Responsibilities
• Evaluate AI model responses for personalization quality, including grounding, integration, and helpfulness.
• Design and execute multi-turn prompts based on personal context to test AI capabilities.
• Analyze responses for hallucinations, incorrect personalization, and poor inferences.
• Perform side-by-side comparison of model outputs to determine quality and effectiveness.
• Write clear and structured rationales for response evaluations and rankings.
• Extract and verify debug information to ensure proper use of data sources.
• Maintain strict data hygiene and ensure accurate documentation of evaluations.
• Collaborate with cross-functional teams to improve AI model performance.
Requirements
• Strong proficiency in Polish with excellent reading and writing skills.
• Experience in data annotation, AI evaluation, content moderation, or a related role.
• Strong analytical thinking and ability to assess nuanced AI responses.

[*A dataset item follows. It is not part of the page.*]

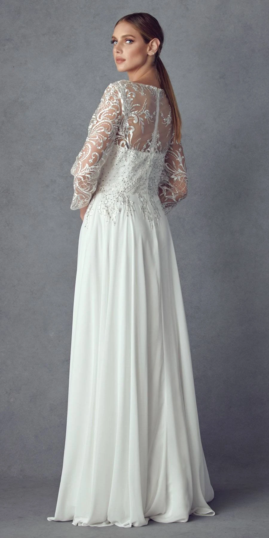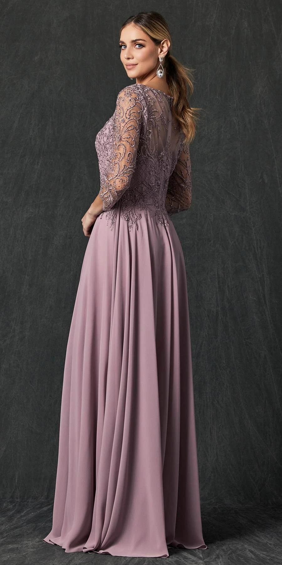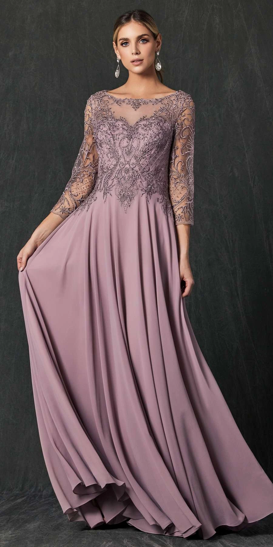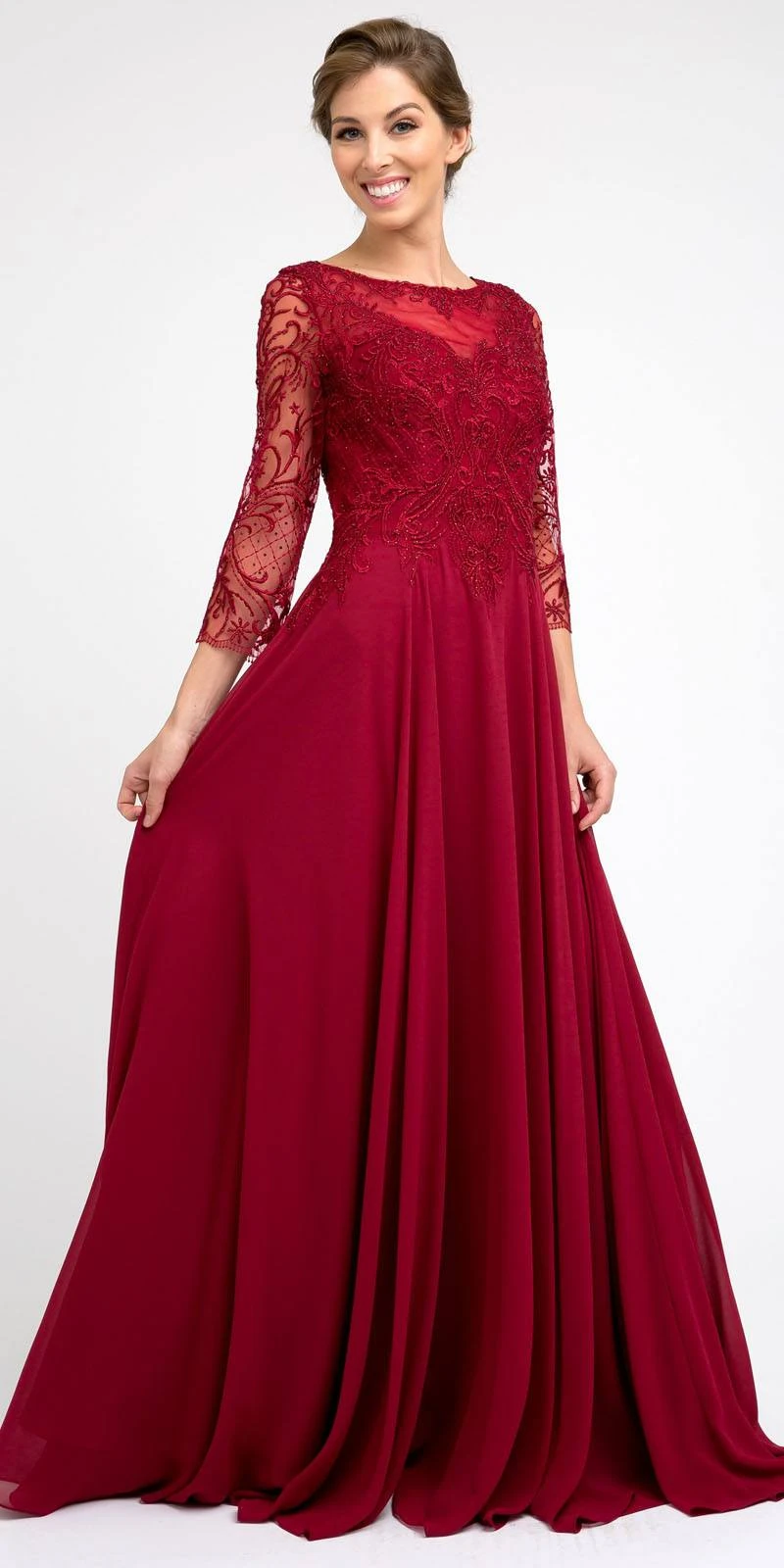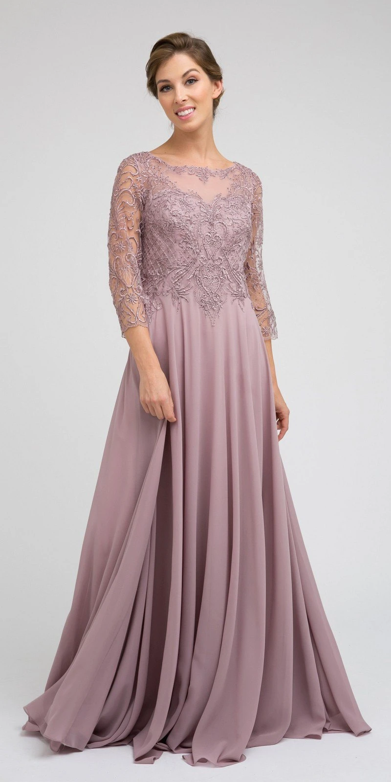 Dress up in this elegant long formal dress by Juliet M11. A full-length A-line silhouette made of chiffon dress which features an illusion embroidered bodice with transparent quarter sleeves and zipper back closure. This floor-length dress is ideal for mother’s of the bride or groom, for modest events or in any other formal or special occasion!

• Ability to design creative, multi-turn prompts based on personal context.
• Understanding of personalization concepts, including identifying incorrect or forced personalization.
• High attention to detail in evaluating subtle differences in model outputs.
• Excellent written communication and structured reasoning skills.
• Ability to work independently in a remote environment.
• Willingness to use a personal Google account for evaluation purposes.
• Full-time availability with at least 4 hours overlap with PST.
• Bachelor’s degree or equivalent experience in a relevant analytical field.